Data entries
* * * * *

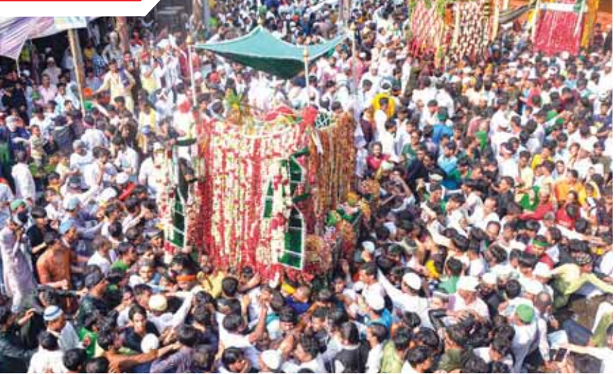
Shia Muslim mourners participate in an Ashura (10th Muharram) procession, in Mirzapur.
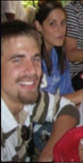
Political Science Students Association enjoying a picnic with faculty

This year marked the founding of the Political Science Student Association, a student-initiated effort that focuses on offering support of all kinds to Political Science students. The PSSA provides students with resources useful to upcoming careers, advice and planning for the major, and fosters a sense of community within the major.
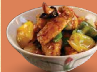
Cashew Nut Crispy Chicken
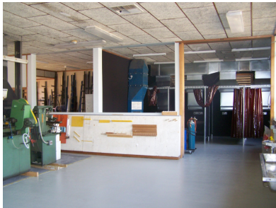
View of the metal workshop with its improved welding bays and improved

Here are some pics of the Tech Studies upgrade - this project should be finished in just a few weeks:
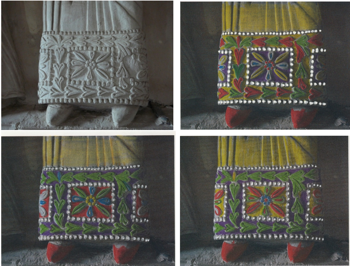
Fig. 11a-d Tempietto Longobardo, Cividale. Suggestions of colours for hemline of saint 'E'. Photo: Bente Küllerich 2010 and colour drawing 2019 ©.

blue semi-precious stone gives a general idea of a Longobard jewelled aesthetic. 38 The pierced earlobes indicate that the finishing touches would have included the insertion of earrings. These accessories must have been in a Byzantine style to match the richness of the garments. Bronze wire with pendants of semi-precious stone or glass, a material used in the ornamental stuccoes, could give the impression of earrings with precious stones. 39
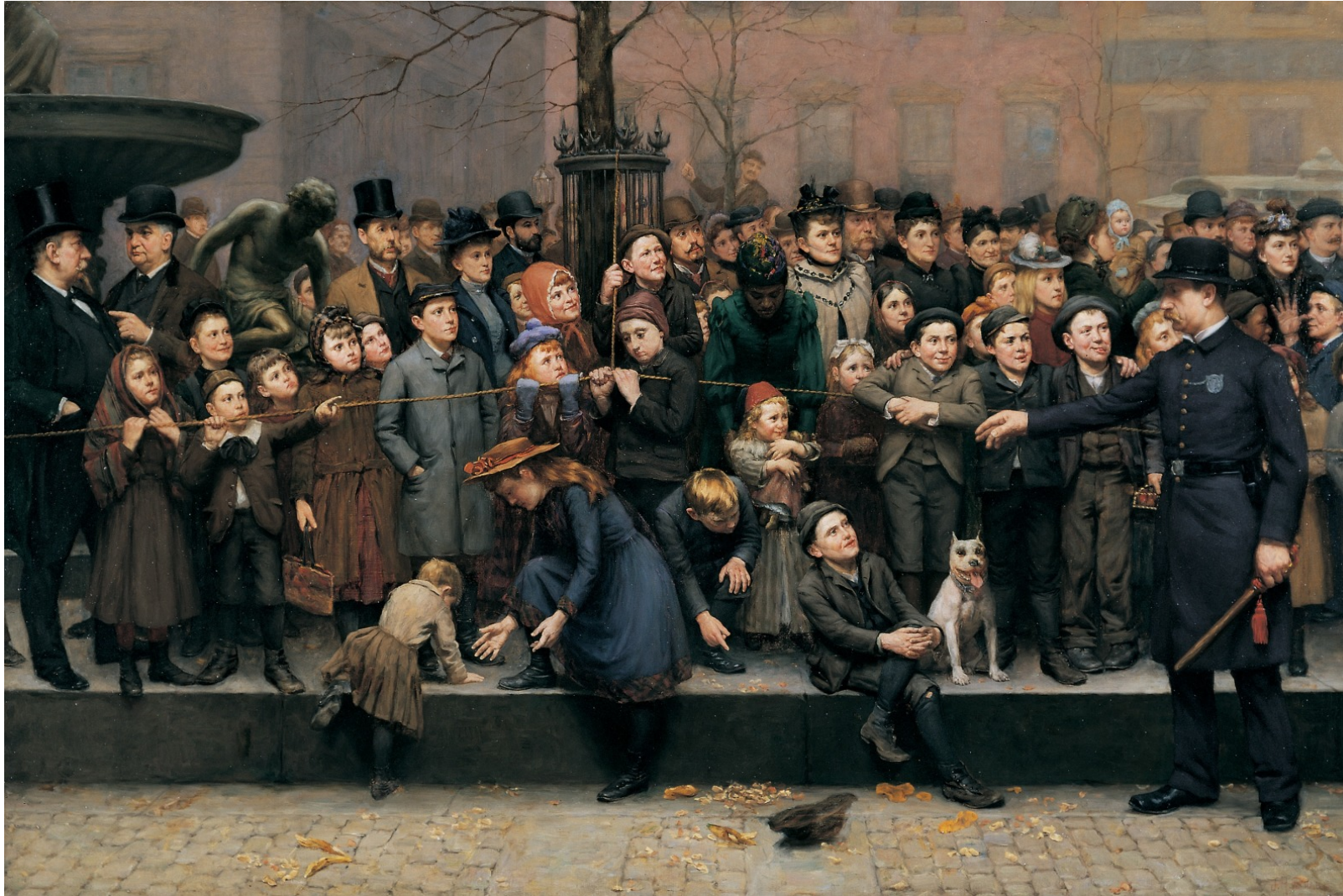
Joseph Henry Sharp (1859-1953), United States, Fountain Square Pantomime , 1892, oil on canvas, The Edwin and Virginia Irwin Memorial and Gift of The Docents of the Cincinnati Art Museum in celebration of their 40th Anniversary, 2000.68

* * * * *

- Problem to work on: The lines from the start of the data through the line that contains "Here are some" are to be returned exactly, please, with both ends included and every picture left out.

- Answer for the task:
Shia Muslim mourners participate in an Ashura (10th Muharram) procession, in Mirzapur.
Political Science Students Association enjoying a picnic with faculty

This year marked the founding of the Political Science Student Association, a student-initiated effort that focuses on offering support of all kinds to Political Science students. The PSSA provides students with resources useful to upcoming careers, advice and planning for the major, and fosters a sense of community within the major.
Cashew Nut Crispy Chicken
View of the metal workshop with its improved welding bays and improved

Here are some pics of the Tech Studies upgrade - this project should be finished in just a few weeks:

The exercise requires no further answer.